[R] Possible causes of unexpected behavior
Arthur Fendrich
@rth|en @end|ng |rom gm@||@com
Thu Mar 3 20:11:53 CET 2022
Dear all,
I am currently having a weird problem with a large-scale optimization
routine. It would be nice to know if any of you have already gone through
something similar, and how you solved it.
I apologize in advance for not providing an example, but I think the
non-reproducibility of the error is maybe a key point of this problem.
Simplest possible description of the problem: I have two functions: g(X)
and f(v).
g(X) does:
i) inputs a large matrix X;
ii) derives four other matrices from X (I'll call them A, B, C and D) then
saves to disk for debugging purposes;
Then, f(v) does:
iii) loads A, B, C, D from disk
iv) calculates the log-likelihood, which vary according to a vector of
parameters, v.
My goal application is quite big (X is a 40000x40000 matrix), so I created
the following versions to test and run the codes/math/parallelization:
#1) A simulated example with X being 100x100
#2) A degraded version of the goal application, with X being 4000x4000
#3) The goal application, with X being 40000x40000
When I use qsub to submit the job, using the exact same code and processing
cluster, #1 and #2 run flawlessly, so no problem. These results tell me
that the codes/math/parallelization are fine.
For application #3, it converges to a vector v*. However, when I manually
load A, B, C and D from disk and calculate f(v*), then the value I get is
completely different.
For example:
- qsub job says v* = c(0, 1, 2, 3) is a minimum with f(v*) = 1.

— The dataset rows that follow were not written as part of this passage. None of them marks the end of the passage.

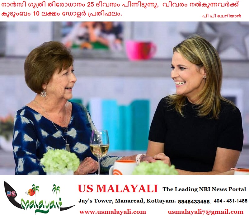 നാൻസിയെക്കുറിച്ച് വിവരം നൽകുന്നവർക്ക് കുടുംബം 1 മില്യൺ ഡോളർ (ഏകദേശം 8.3 കോടി രൂപ) പ്രതിഫലം പ്രഖ്യാപിച്ചു.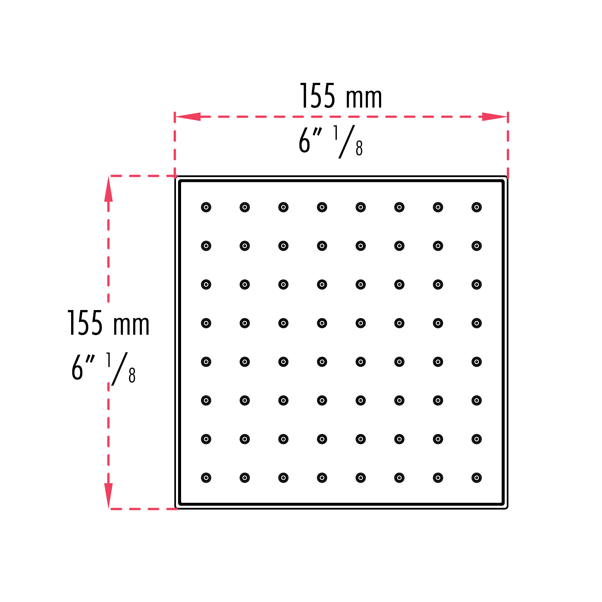SQUARE SHOWER HEAD: Made of ABS; Easy-to-clean anti-limescale nozzles; 6 inches (15.24 cm); Flow rate of 9.5 L/min (2.5 US gal/min).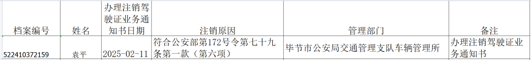 根据《机动车驾驶证申领和使用规定》(中华人民共和国公安部令第172号)第七十九条第一款第(六)项之规定,以下驾驶人的机动车驾驶证应依法办理注销业务,现予以公告告知,敦促相关人员于30日内到辖区公安交通管理部门车辆管理所办理驾驶证注销业务,交回原机动车驾驶证,逾期未到车管所办理的,车管所将依法注销驾驶证。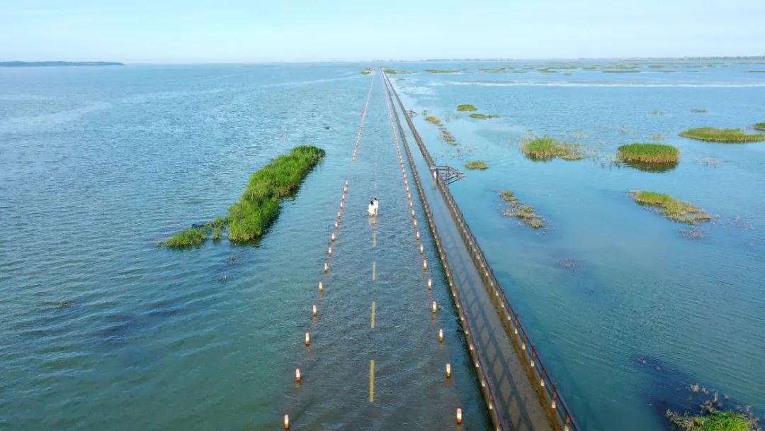 永吴公路全长5.05千米,是为了保护候鸟的迁徙而建。湖水的汛期只有短短三个月,大家去之前一定要查看好时间。

- when I manually load A, B, C, D from disk and calculate f(v*) on the
exact same machine with the same libraries and environment variables, I get
f(v*) = 1000.
This is a very confusing behavior. In theory the size of X should not
affect my problem, but it seems that things get unstable as the dimension
grows. The main issue for debugging is that g(X) for simulation #3 takes
two hours to run, and I am completely lost on how I could find the causes
of the problem. Would you have any general advices?
Thank you very much in advance for literally any suggestions you might have!